GIVEN RECORDS:
Content starts
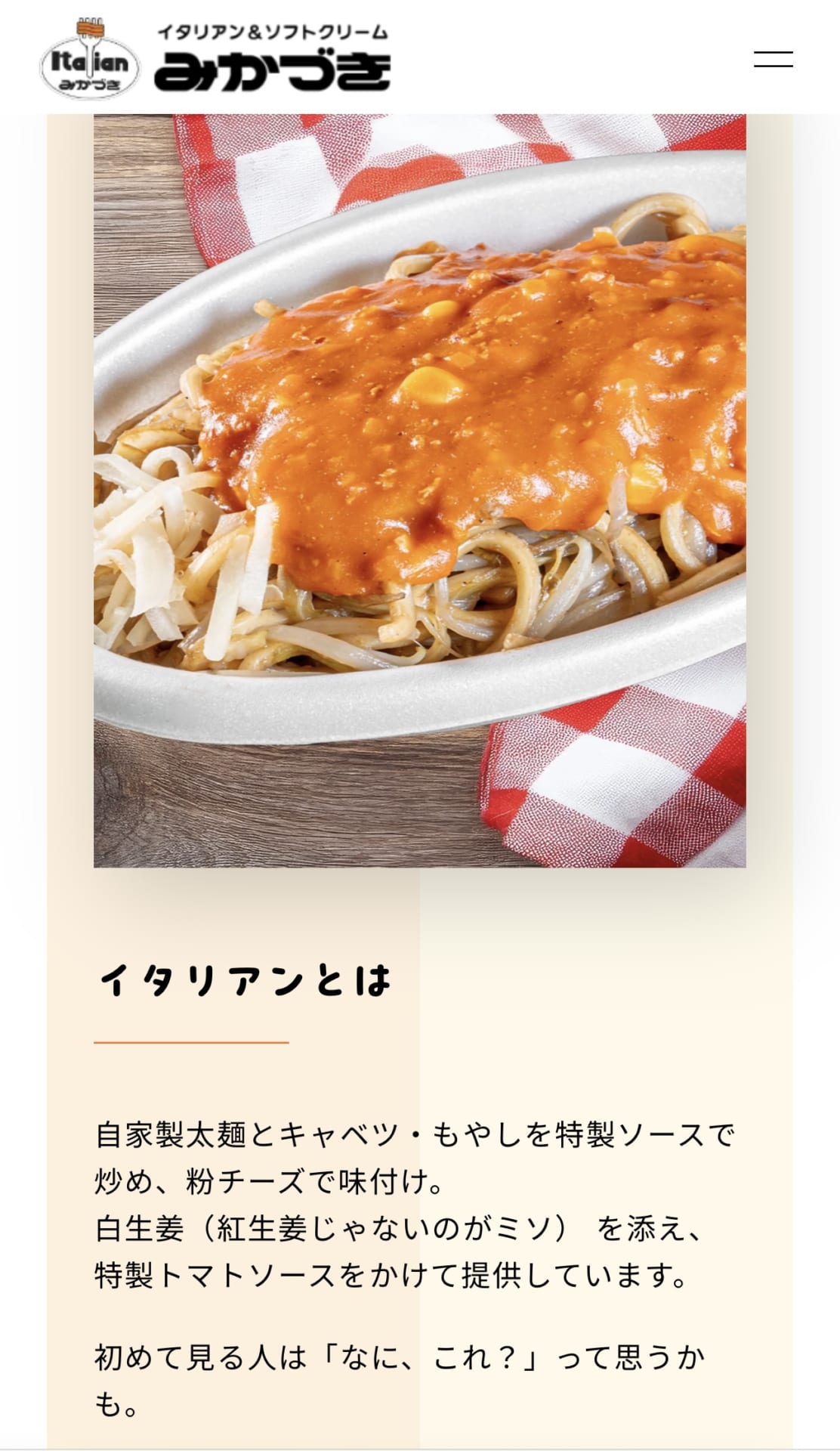 名称は「イタリアン焼きそば」。写真見る限りナポリタンに近いが
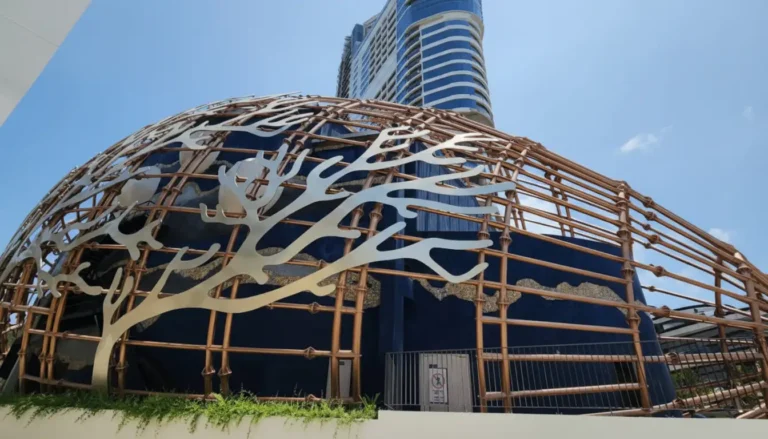 The design of the Đó Theater immediately draws attention. Architects creatively based the structure on the shape of a “Đó”—a traditional Vietnamese fishing basket or trap. This distinctive indigenous architecture, combined with modern, high-tech construction, creates a visually stunning effect, making the theater a recognized record holder for having the “largest indigenous-inspired architecture.” The exterior features decorative motifs resembling coral branches and pearls, seamlessly blending the building with its coastal setting on Nha Trang Bay. The entire complex spans 2,500 $\text{m}^2$ and features state-of-the-art stage mechanics, sound, and lighting systems imported from Europe.
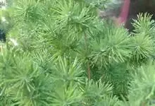蓬莱松是天门冬科、天门冬属多年生丛生草本植物。宿存,圆柱形肉质根,纵截面为绿色和表面灰色。植株高可达3米。茎呈圆柱形或近四边形,底部木质化,具有灰色或灰褐色。幼嫩的茎在每个节上都被紫绿色鳞片包,…全部>>
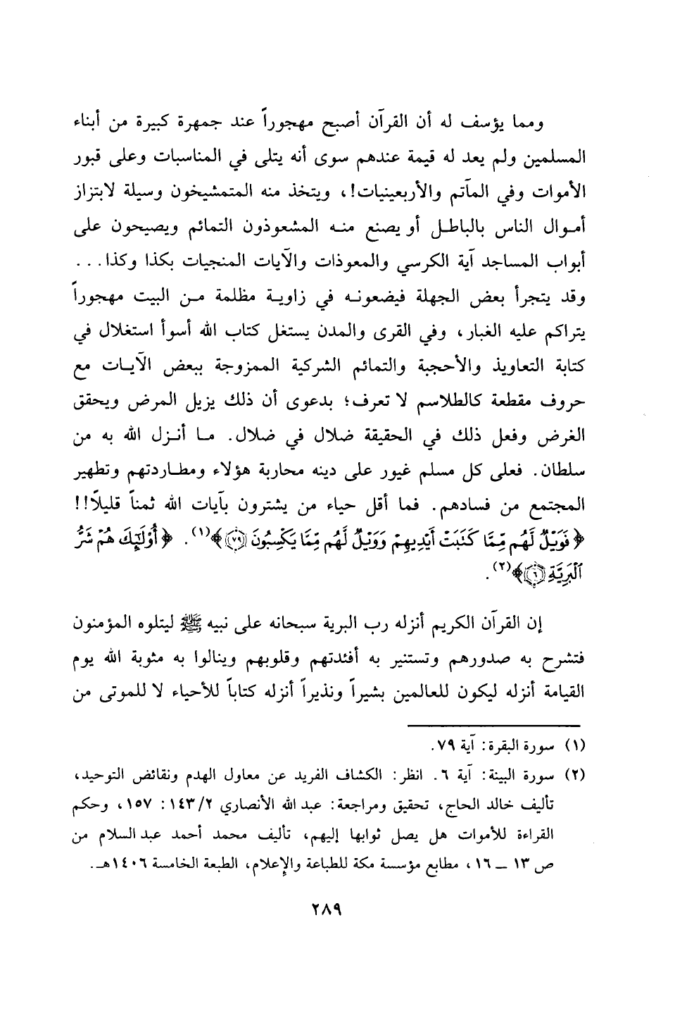 (¬2) سورة البينة: آية 6. انظر: الكشاف الفريد عن معاول الهدم ونقائض التوحيد، تأليف خالد الحاج، تحقيق ومراجعة: عبد الله الأنصاري 2/ 143: 157، وحكم القراءة للأموات هل يصل ثوابها إليهم، تأليف محمد أحمد عبد السلام من ص 13 - 16، مطابع مؤسسة مكة للطباعة والإعلام، الطبعة الخامسة 1406 هـ.
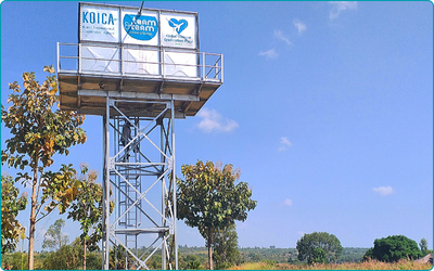 태양광 에너지를 활용하여 개발된 관정에서 지하수를 끌어올려 평균 5~10m 높이의 물탱크에 물을 저장합니다. 저장된 물은 추후 마을 식수대까지 파이프라인을 연결하여 중력으로 흘려보냅니다.
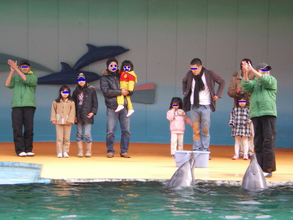 うちのムスメは、目立ちたがりなので、怖がることも恥ずかしがる事もなく、ステージでイルカを大いに楽しみ、あげく、余裕で観客席のママとババちゃんに手を振っておりました。
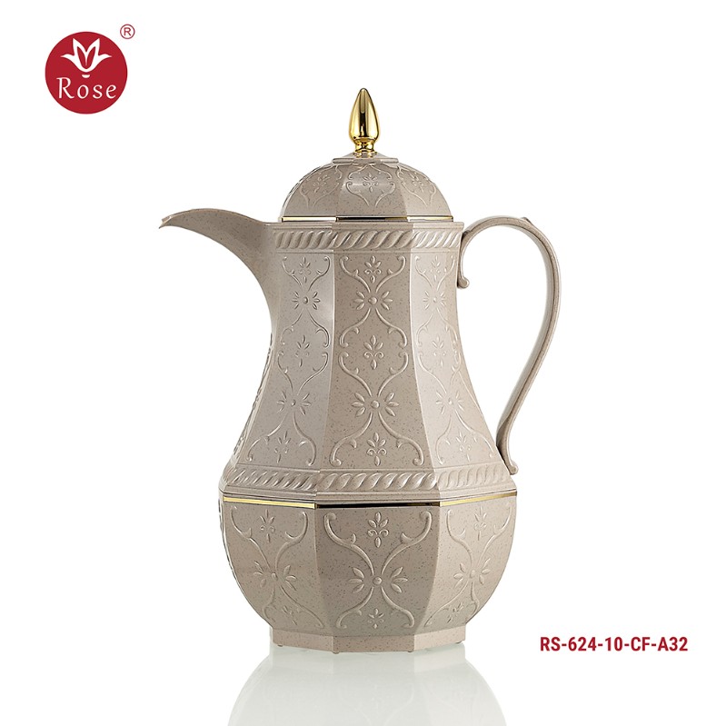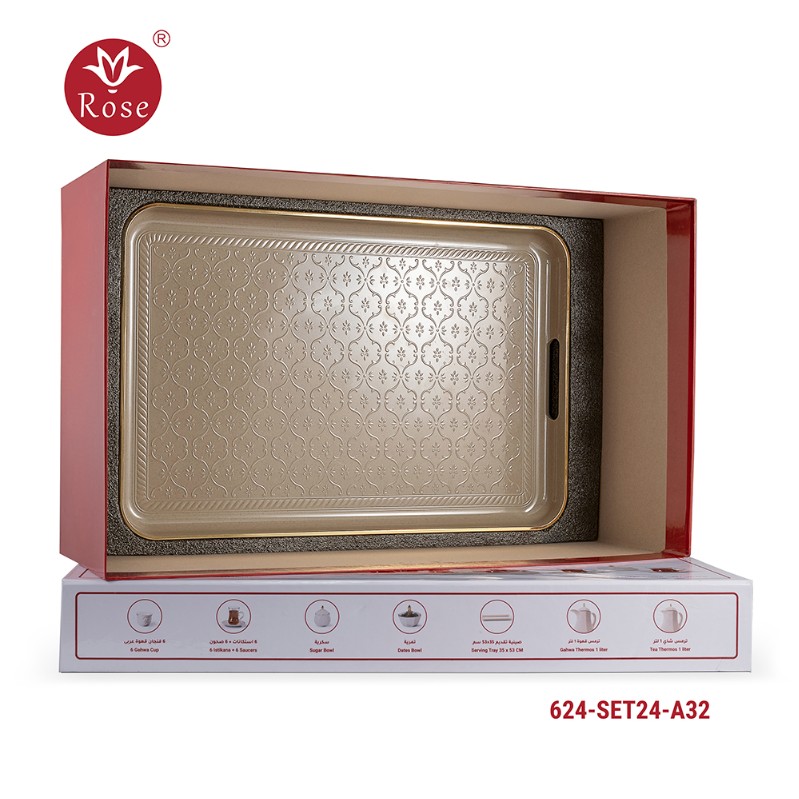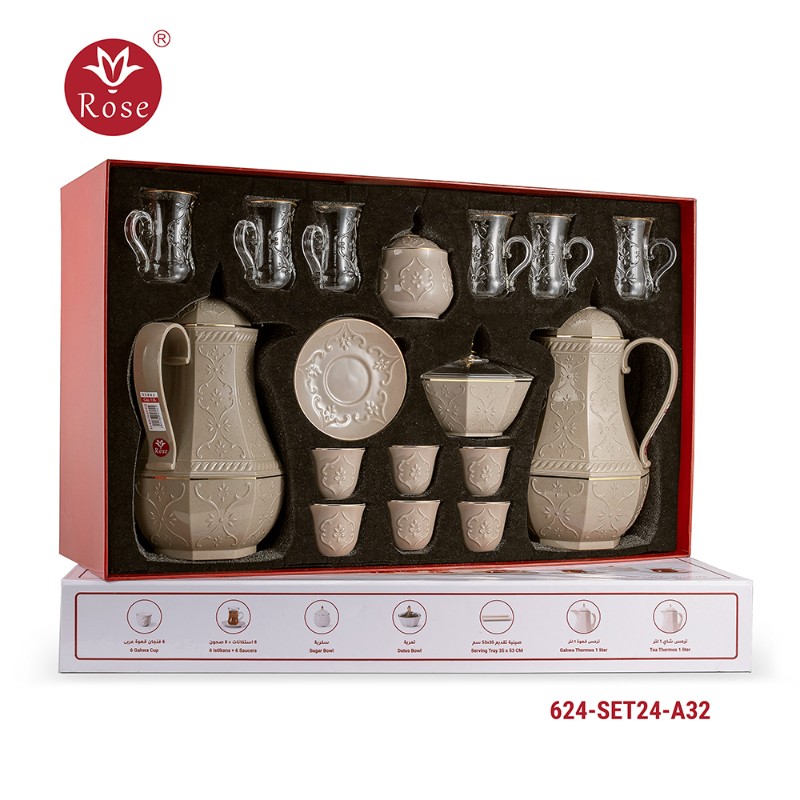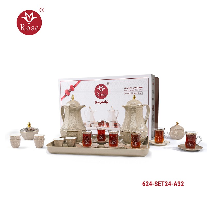 طقم ترامس روز المتكامل Model: 624-SET24 في بوكس فخم يحتوي على: ترمس شاي 1 لتر + ترمس قهوة 1 لتر + 6 فنجان قهوة عربي + 6 استكانات + 6 صحون + سكرية + تمرية + صينية تقديم بمقاس 53x35 سم
Content ends
EXERCISE DESCRIPTION:
Reproduce the lines above, exactly and exclusively, from the line containing "태양광 에너지를 활용하여" down to the last line, both included; pictures are not part of the copy.

WRITTEN RESPONSE:
 태양광 에너지를 활용하여 개발된 관정에서 지하수를 끌어올려 평균 5~10m 높이의 물탱크에 물을 저장합니다. 저장된 물은 추후 마을 식수대까지 파이프라인을 연결하여 중력으로 흘려보냅니다.
 うちのムスメは、目立ちたがりなので、怖がることも恥ずかしがる事もなく、ステージでイルカを大いに楽しみ、あげく、余裕で観客席のママとババちゃんに手を振っておりました。
 طقم ترامس روز المتكامل Model: 624-SET24 في بوكس فخم يحتوي على: ترمس شاي 1 لتر + ترمس قهوة 1 لتر + 6 فنجان قهوة عربي + 6 استكانات + 6 صحون + سكرية + تمرية + صينية تقديم بمقاس 53x35 سم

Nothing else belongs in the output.